# Brake Lights?



## CivicKiller (Apr 26, 2004)

My brake lights were working fine and then i installed a new radio in the car and now the brake lights dont work i replaced the fuse bulbs and still they dont work does anybody know what i can do to fix this problem?


----------



## 7875 (Apr 3, 2003)

CivicKiller said:


> My brake lights were working fine and then i installed a new radio in the car and now the brake lights dont work i replaced the fuse bulbs and still they dont work does anybody know what i can do to fix this problem?

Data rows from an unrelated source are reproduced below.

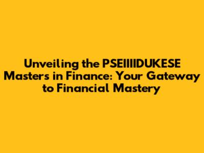 What Exactly is the PSEIIIIDUKESE Masters in Finance all about?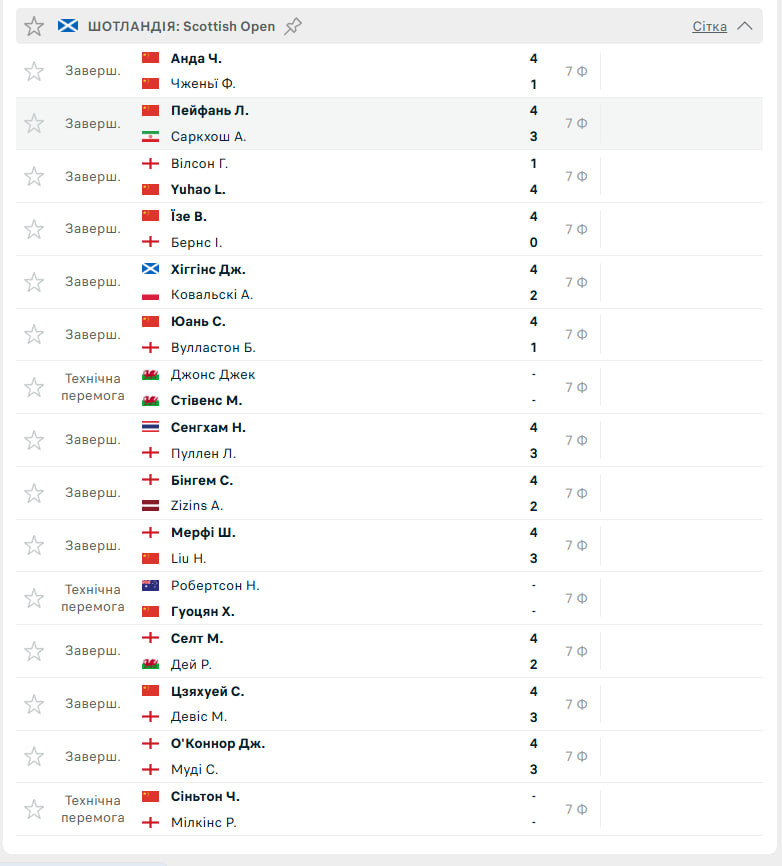 Главная сенсация произошла в матче между Гэри Уилсоном и Лань Юйхао. 40-летний англичанин, который становился победителем Scottish Open в 2022 и 2023 годах, проиграл игру 17-летнему сопернику со счетом 1:4.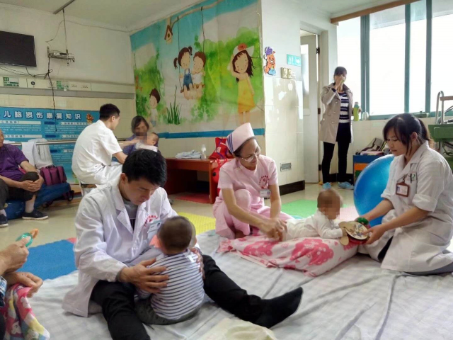 2016年3月,一位来自广东的两岁的女性患儿不会站、不会走、不会说话,性格内向,胆小爱哭,厌食并爱生病,在别的医院就诊时,医生说可能要练两年才能走路,经熟人介绍来到瑞康医院儿科就医,第一次来时,就连别人看她一眼,碰一个手指头都哭,拒绝所有的训练,爸爸妈妈也很焦虑,因心疼加无奈差点要放弃治疗了,韦林安立即根据患儿的特点选择了适合的儿歌,配合丰富的表情,唱给她听,建立了信任感,等其感兴趣后,接着开始给宝宝轻柔推拿。坚持两天后,宝宝就开始会说“要师师”(意为要老师),主动拉妈妈的手要来医院做康复。后来,训练前她主动和老师碰头,表示友好合作。坚持二十天后,小孩的运动能力、语言、性格都有明显的改善,家长高兴得在育儿群里报喜,说我的孩子终于正常了。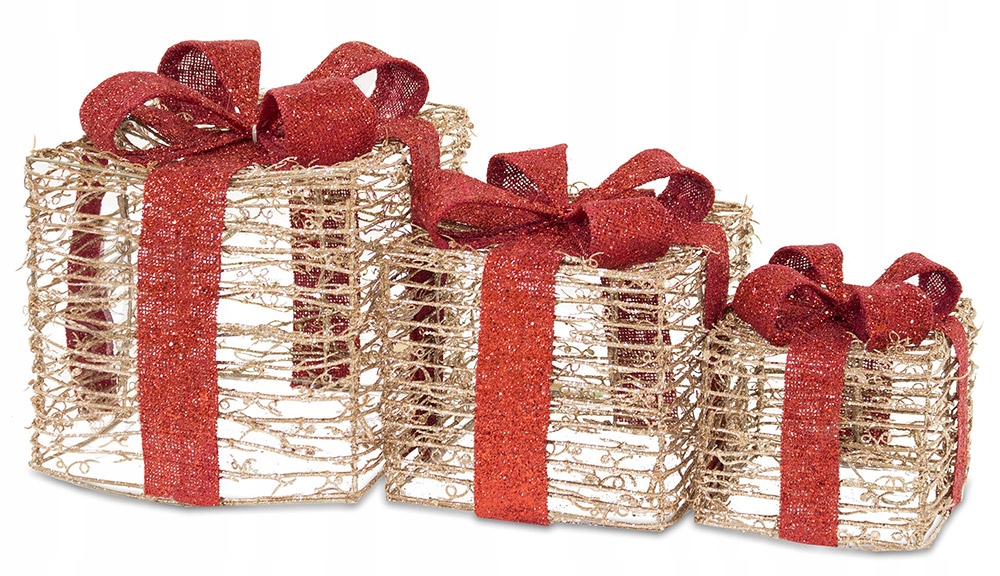 Светодиодный короб из ротанга с красными бантами, золотого цвета. Коробки не открываются. Они идеальны в качестве украшения или подарка под елку. Рождественские украшения создадут необыкновенную атмосферу в обустроенных помещениях и обязательно добавят праздничной атмосферы.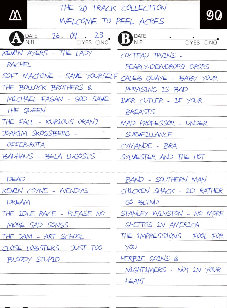 20 tracks chosen by m90 from the BBC6 Music Welcome to Peel Acres series –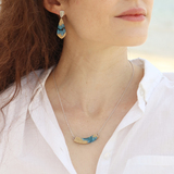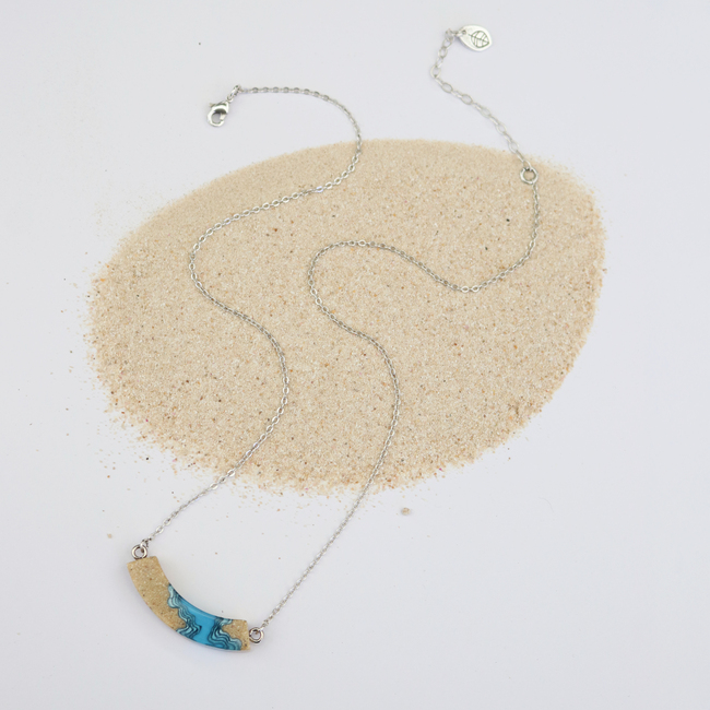 Our Headland necklace features a bold, slightly arched design with layered textures that evoke the topography of two land masses jutting into the ocean. Crafted from bonded beach sand and blue resin, the pendant hangs from a 16”/40cm cable link chain, complete with a 2”/5cm extender for an adjustable fit.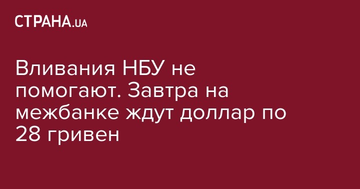 Вливания НБУ не помогают. Завтра на межбанке ждут доллар по 28 гривен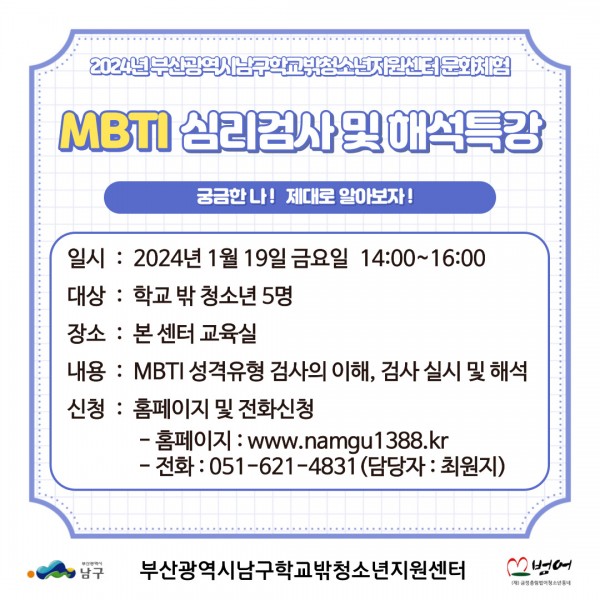 남구학교밖청소년지원센터 문화체험 'MBTI 심리검사 및 해석특강' 참여자 모집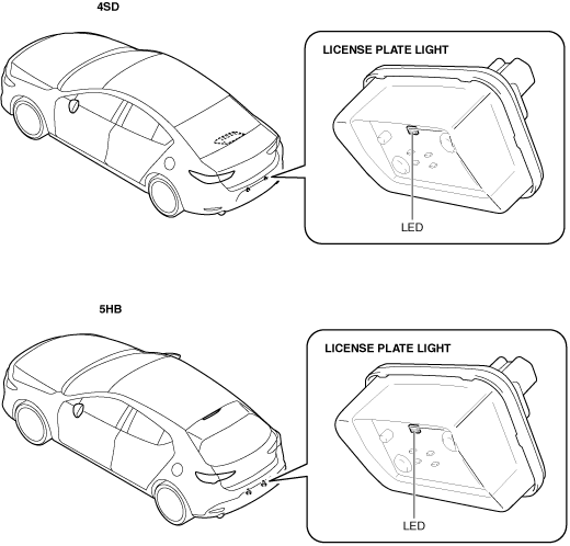 4.When the electrical supply unit (ESU) receives the TNS on request signal, it turns the license plate light on (4).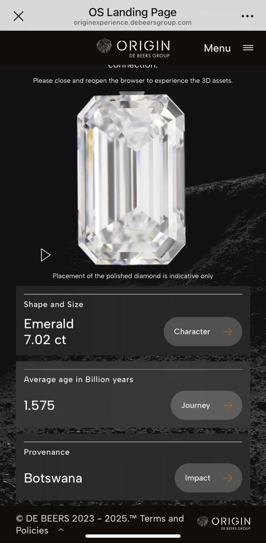 重塑美学是情感层面的软实力,而科技之上的透明度,则是构建信任的硬通货。这是戴比尔斯新故事的第二个关键章节——“钻石溯源”(Origin, De Beers Group)计划。

Bad ground? I had the same probably the first time I installed a head-unit but I forget what the problem was. Double check to make sure you have a good ground and all the wires are connected tightly.


----------



## schebs240 (Apr 13, 2004)

The ground is notorius in the 240 to be crappy on the tail lights just move or tighten


----------



## Skunk (Feb 4, 2004)

I also have a problem related to brakes. When i step on the brake the break lights turn on and so do the front ones


----------



## schebs240 (Apr 13, 2004)

Thats just scary.... See mechanic if ur not playing a dumb joke u have wires crossed.


----------



## Loki (Jan 12, 2004)

Skunk said:


> I also have a problem related to brakes. When i step on the brake the break lights turn on and so do the front ones



when you step on the breaks and the light turns on......it means you have NO BRAKE FLUID!......


----------